One issue that seemed to excite Ozblogistan was David Jones’ pending lawsuit against Clive Hamilton’s The Australia Institute, and it really showed blogging’s strengths. Everyone from sociologists to economists to lawyers weighed in with some genuinely expert commentary. And the comments threads were pretty classy too. Tigtog over at Larvatus Prodeo got the ball rolling with a thoughtful piece that reflected – among other things – on just how parents deal with the advertising juggernaut. I’ve made no secret of the fact that Clive Hamilton isn’t one of my favourite people, so my piece at Catallaxy suggested that he might find the ensuing writ sandwich a bit hard to swallow. However, some remarks made by Jason Soon and Mark Bahnisch in comments got me thinking, as did Andrew Norton’s thoughtful piece, and I’ve modified my view. The threads all make excellent reading.

Researcher DogPossum then provided an interesting perspective on where studies like this can lead, while Andrew Bartlett – as usual – wrote an insightful political view. Dr Harry Clarke weighed up economic and social values in his piece, while Glen, Credible Witness and dbloh also popped in their 2.2 cents worth.

David Hicks also provided plenty of blogger fodder, although Olney Garkle’s effort on the ongoing Hicks legal trainwreck was probably the most apposite. In what is sure to attract RWDBs like flies to a honeypot, he approvingly cites Terry Lane. For something a bit different, both Kev Gillett and Kieran at The Dead Roo engage with the new ‘Free Hicks’ advert. Iain Hall provides the RWDB view, somewhat more informatively than usual. Also on matters (tangentially) Islamic, Tigtog passes on the good news that an Iranian woman who killed her would-be rapist in self-defence has finally been freed after a stint on death row.

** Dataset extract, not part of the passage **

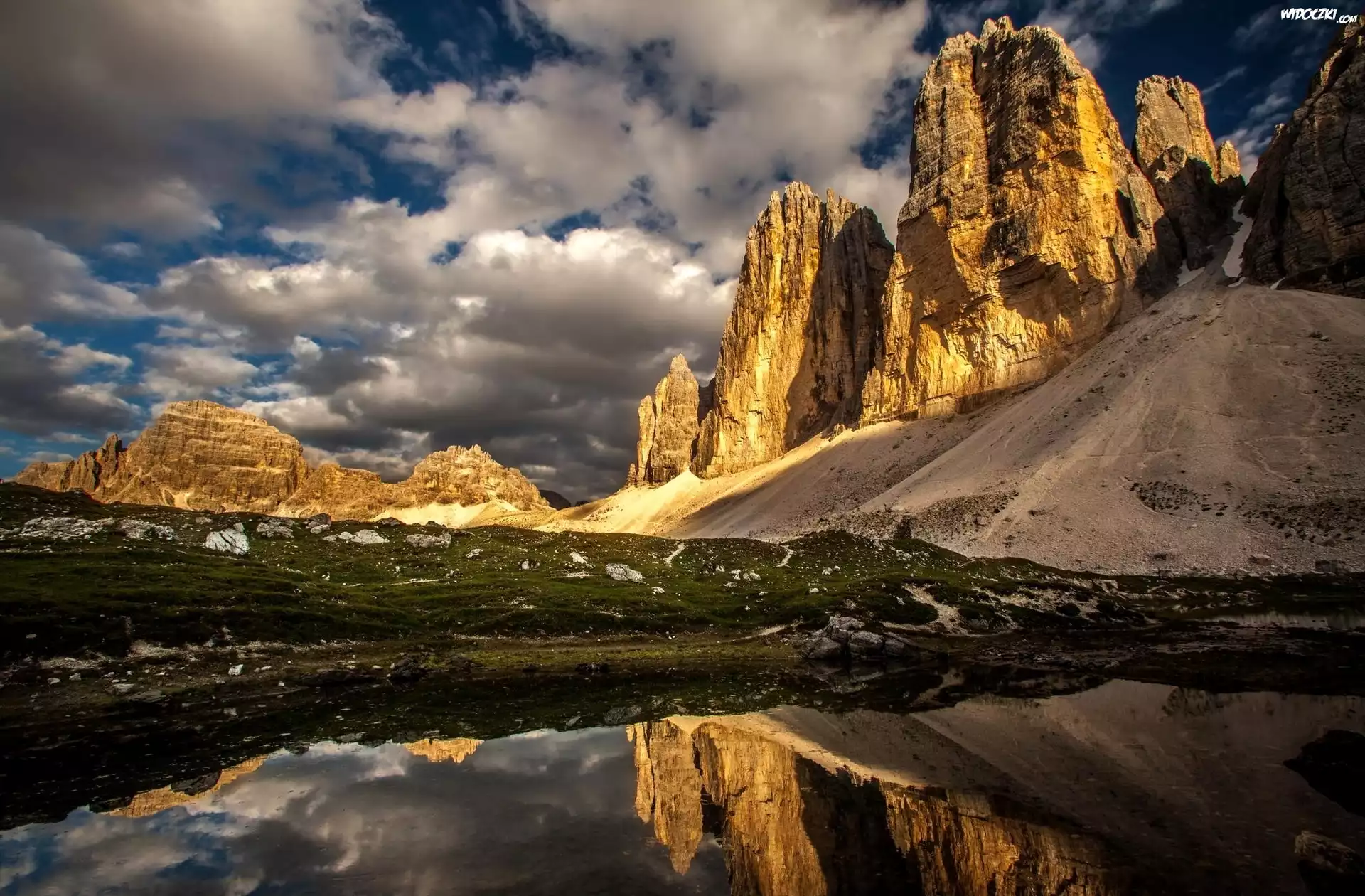Zdjęcia, Góry, Jezioro, Chmury, Odbicie

Other political and economic stuff

Since we’re in an election year, Andrew Leigh has a good piece on why he prefers markets to polls when it comes to predicting results, while Andrew Elder is excellent on just how bad the Iemma government has been, and why Debnam the dud hasn’t been able to do nearly enough about it. For those more psephelogically inclined, the Poll Bludger has a thorough NSW election guide. Since I’m a lawyer, you’re going to cop a few of my favourite legal bloggers (sorry Ken, I’ve subscribed you to more lawblogging feeds). First up, Legal Eagle provides a great case note on a recent High Court decision that will see shareholders ranked with unsecured creditors in a voluntary administration, while Ken at Road to Surfdom is interesting on the trouble with civil standards of proof in criminal cases. Meanwhile, Graham Young hacks into the IPCC for failing to do what corporations are supposed to do under standard corporate disclosure rules.

Photoblogging Mulrunji

Although he has political interests quite apart from his photography, I’ve been very pleased to discover Brisbane photoblogger David Jackmanson. His wonderful coverage of the various protests over the death of Palm Island man Mulrunji Doomadgee give the deceased and his family real humanity and warmth. The photo I’ve used to illustrate today’s Missing Link is one of David’s, and he’s provided lots more on the Mulrunji protests here, here and here.

Politics and philosophy

In writing at the philosophical margins of contemporary politics, Oakeshottian conservative Mark Richardson asks some hard questions about ethnic diversity, while Graeme Bird walks through St Thomas Aquinas’ doctrine of the just war and wonders if it applies to the War on Terror. In other news, Tim Blair rounds up the signatories to an online petition inviting Venezuelan soon-to-be President-for-life Hugo Chavez to Australia (there are some surprising names on the list), while Richard Watts has a much more worthwhile petition for you to sign. Still on WoT issues, thoughtful Greenie and onetime muscular liberal Steve Munn documents his personal climbdown on the Iraq war.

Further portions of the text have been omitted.